_Dataset_:
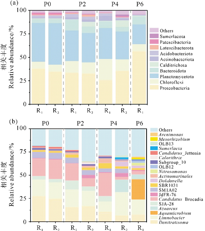 在门水平上,反应器中的优势菌门为变形菌门(Proteobacteria)、绿弯菌门(Chloroflexi)、浮霉菌门(Planctomycetota)、拟杆菌门(Bacteroidota),且其丰度在各阶段均显著高于其他菌门(见图 7(a))。其中,许多反硝化细菌和硝化细菌属于变形菌门,其存在是氮代谢过程不可或缺的一部分[40]。绿弯菌门可降解和利用细菌代谢产物,促进系统中的营养转化[41]。拟杆菌门的细菌经常出现在活性污泥中,被认为有利于污泥结构的稳定[42]。AnAOB所属的浮霉菌门的丰度与NRE密切相关[43]。
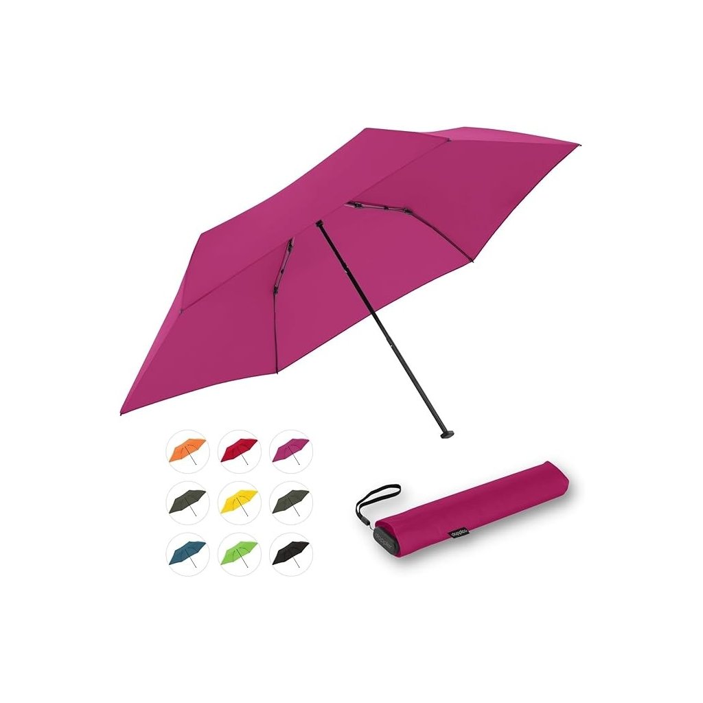 Stylowy, kieszonkowy, ultralekki parasol w wielu wersjach kolorystycznych. Dzięki wadze zaledwie 99 gramów (lżejszy niż tabliczka czekolady) jest najlżejszym parasolem doppler. Dzięki kompaktowym wymiarom (długość złożonego parasola to 21 cm) i płaskiemu kształtowi bez problemu schowasz go do każdej torebki lub marynarki. Ramiona z aluminium i karbonu. Pokrowiec jest ze 100% wytrzymałego poliestru.
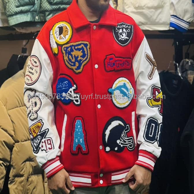 Veste universitaire de haute qualité pour l'hiver avec logo personnalisé et broderie Veste de baseball universitaire pour hommes avec fermeture Blouson bombardier Lot en stock
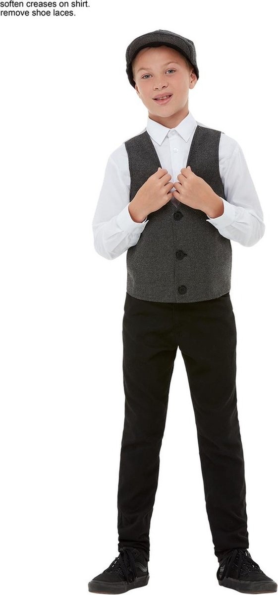 - 20's Peaky Blinders Set 2-delig Kind Murphy- Bestaande uit: Pet & Gillet (exclusief blouse!)- Beschikbare maten: one size- Leeftijd 5-8 jaar; Lengte Gilet ± 45 cm lang en maximaal 66 cm rond de taille
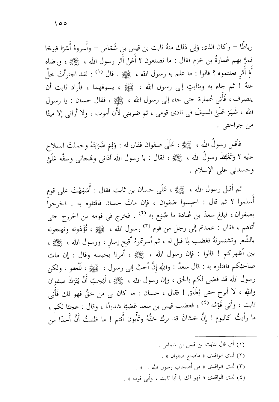 ثم أقبل رسول الله، - صلى الله عليه وسلم -، عَلَى حسان بن ثابت فقال: أَسَفِهْتَ على قومٍ أَسلموا؟ ثم قال: احبِسوا صَفوان، فإن ماتَ حسان فاقتلوه به. فخرجوا بصفوان، فبلغ سعدَ بن عُبادة ما صُنع به (¬٢). فخرج في قومه من الخزرج حتى أتاهم، فقال: عمدتم إلى رجل من قوم (¬٣) رسول الله، - صلى الله عليه وسلم -، تُؤذونه وتهجونه بالشِّعر وتشتمونهُ فغضب لِما قيل له، ثم أسرتموهُ أقبح إسارٍ، ورسول الله، - صلى الله عليه وسلم -، بين أظهركم! قالوا: فإن رسول الله، - صلى الله عليه وسلم -، أمرنا بحبسه وقال: إن مات صاحبُكم فاقتلوه به: قال سعدٌ: واللهِ إِنَّ أحبَّ إلى رسول، - صلى الله عليه وسلم -، لَلْعفو، ولكن رسول الله قد قضى لكم بالحق، وإن رسول الله، - صلى الله عليه وسلم -، لَيُحِبّ أَنْ يُتْرَكَ صفوان واللهِ، لا أبرح حتى يُطْلَق! فقال، حسان: ما كان لي من حَقٍّ فهو لك فَأَيَ ثابت، وأبَى قَوْمُه (¬٤)، فغضب قيس بن سعد غضبًا شديدًا، وقال: عجبًا لكم، ما رأيتُ كاليوم! إِنَّ حَسَّانَ قد ترك حَقَّهُ وتَأْبون أَنتم! ما ظننتُ أَنَّ أَحدًا من
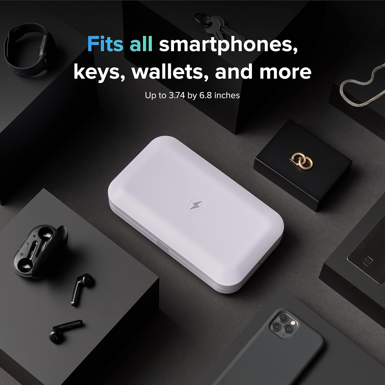PhoneSoap 3 UV Cell Phone Sanitizer & Dual Universal Cell Phone Charger Box | Patented & Clinically Proven 360-Degree UV-C Light Sanitizer | Disinfects and Charges All Phones (White)
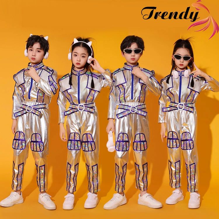 ロボットコスチューム 近未来風 サイバー風 長袖 ロングパンツ キラキラ キッズ ダンス セットアップ 韓国 k-pop ヒップホップ 男の子 女の子 ギャル アイドル かっこいい カジュアル 子供服 ステージ衣装 jazz ジャズダンス 団体服 練習着 演出服 原宿系 110-180cm 銀 4,570 ~
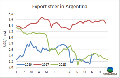 大選結(jié)果確定和貨幣兌換管控過后閹牛價(jià)格穩(wěn)定。英國純種閹牛報(bào)價(jià)140-145比索/公斤,印度串種閹牛報(bào)價(jià)136-140比索/公斤,母牛價(jià)格上漲趨勢受中國需求影響,價(jià)格上漲至優(yōu)種閹牛水平:特種和良種母牛報(bào)價(jià)140-145比索/公斤,工業(yè)母牛報(bào)價(jià)125-130比索/公斤。
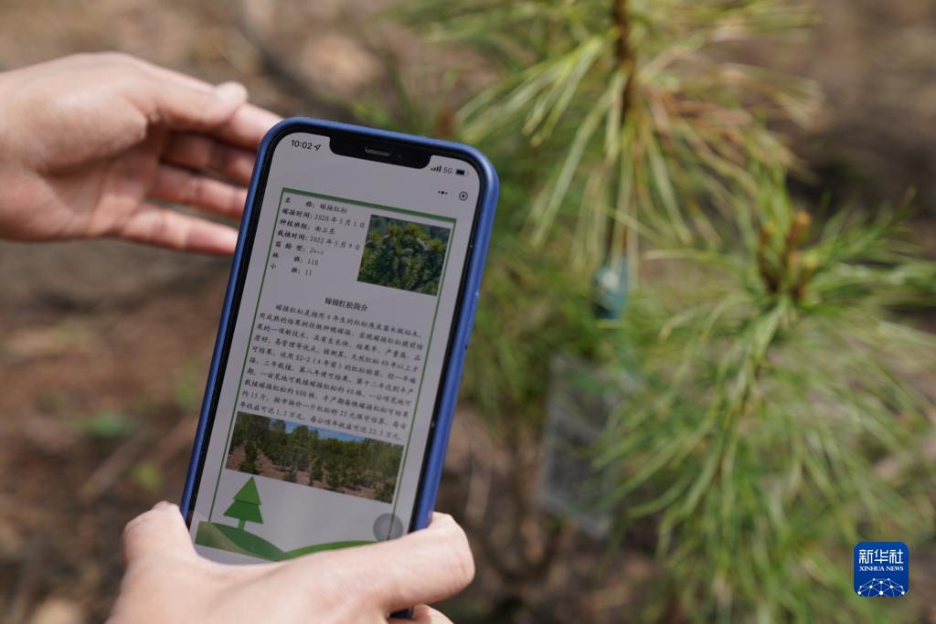 在黑龍江伊春森工集團上甘嶺林業局公司的一處紅松嫁接育苗基地,游客掃碼查看嫁接紅松簡介(5月19日攝)。新華社記者王松攝
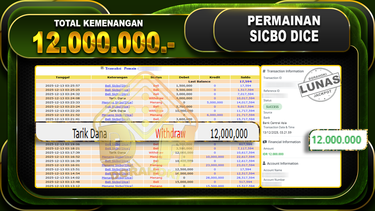 Bukti JP Sicbo Dice – ucapkan selamat kepada user id manxxxx atas kemenangan di  Sicbo Dice  dengan total kemenangan Rp.12,000,000,- Yang pasti nya langsung LUNAS sesuai bukti ya bosku. Dorahoki nih bosku berapapun akan tetap kami bayar lunas ya bosku.
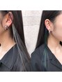サイドインナーだけブリーチをしてして左はシルバー、右はブルーとグリーンでオリジナルのカラーに。サイドのみのブリーチだけでしたら、カラー料金プラス2000円からで短時間低料金で可能です。カラー履歴などでも施術がかわりますのでシバまでご相談下さい。
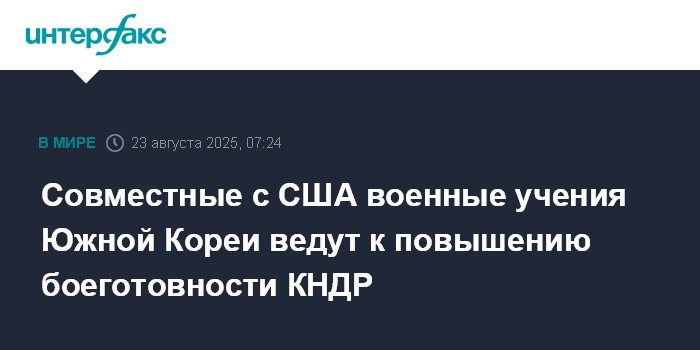 Москва. 23 августа. INTERFAX.RU - Совместные военные учения южнокорейских и американских войск в районе Корейского полуострова носят провокационный характер и вынуждают КНДР активно повышать боеготовность своих вооруженных сил, заявил представитель Генштаба Корейской народной армии (КНА).
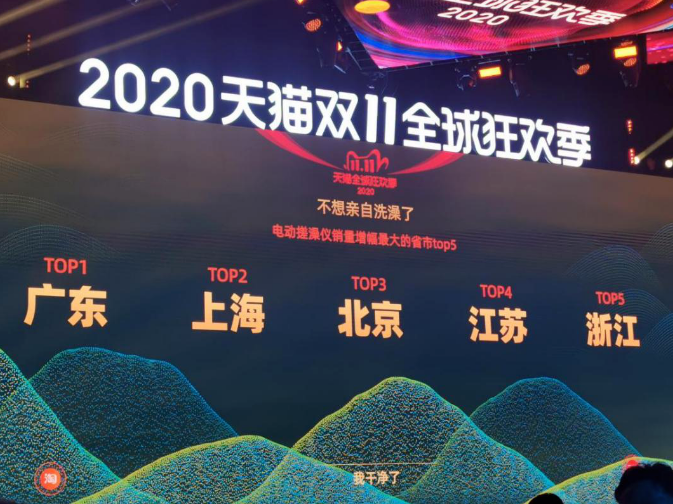 比如,今年“双11”期间,电动搓澡仪销量增幅排名前五位的省市分别为:广东、上海、北京、江苏、浙江。
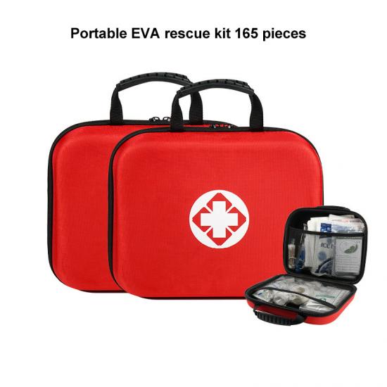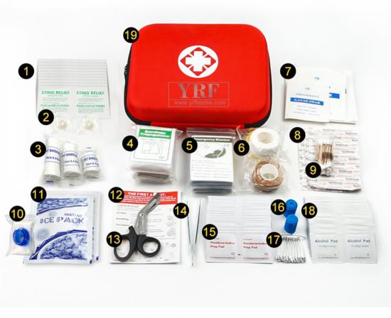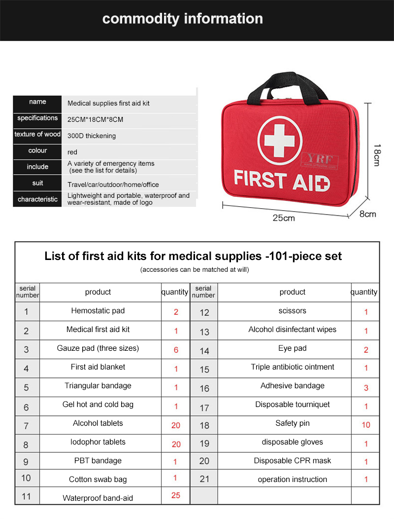Zhiyang-Tablette *20, Klebeband *2, PBT-Verband (drei Größen) *3, Dreiecksverband *2, Erste-Hilfe-Decke *2, Heftpflaster *2, Mullkompresse (drei Größen) *6, Wasserfestes Pflaster *20, Wattestäbchen *30, CPR-Abdeckung *1, Kühlakku *1, Gebrauchsanweisung *1, Schere *1, Pinzette *1, Iodophor-Tabletten *20, Einweg-Tourniquet *2, Nadel *10, Alkoholtabletten *50, Tragbares EVA-Rettungspaket *1
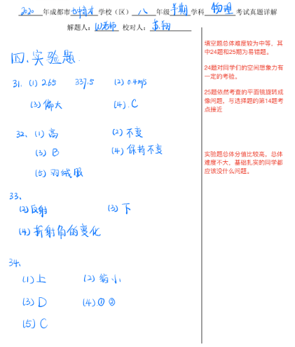 . 七中育才初二物理半期考试答案详解(2)_成都学而思1对1
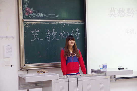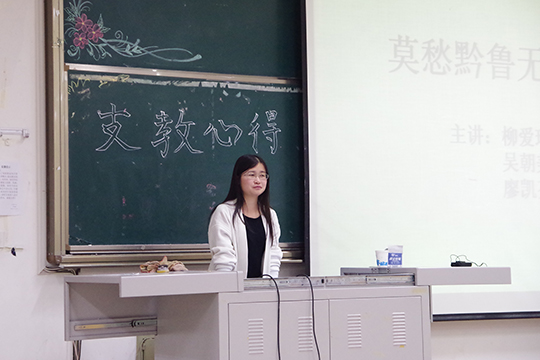 体育论坛 学子参加暑期支教活动 发布时间:2014-10-21 00:00 浏览 次 龙思任、柳爱玲、吴朝美、廖凯芬四位同学是体育论坛 行政管理和公共事业管理专业的学生,他们利用暑假期间来到贵州省黔东南苗族侗族自治州黎平县尚重镇尚重小学,参加了由体育论坛 黄河源协会开展的为期一个月的义务支教活动。此次支教活动全校共有20名同学参与。 10月14日晚6:30,在明水4201,柳爱玲、吴朝美、廖凯芬邀请作为嘉宾,通过ppt、视频等和14级学子们分享自己的支教经历和感悟,讲述了参加志愿支教活动的酸甜苦辣历程,鼓励更多的大学生热心公益,献身公益,积极地加入志愿者团队。

_Assigned task_: What you write must match the listing exactly, from the line with "Bukti JP Sicbo" up to and including the line with "サイドインナーだけブリーチを". Pictures stay out.

_Task answer_:
 Bukti JP Sicbo Dice – ucapkan selamat kepada user id manxxxx atas kemenangan di  Sicbo Dice  dengan total kemenangan Rp.12,000,000,- Yang pasti nya langsung LUNAS sesuai bukti ya bosku. Dorahoki nih bosku berapapun akan tetap kami bayar lunas ya bosku.
サイドインナーだけブリーチをしてして左はシルバー、右はブルーとグリーンでオリジナルのカラーに。サイドのみのブリーチだけでしたら、カラー料金プラス2000円からで短時間低料金で可能です。カラー履歴などでも施術がかわりますのでシバまでご相談下さい。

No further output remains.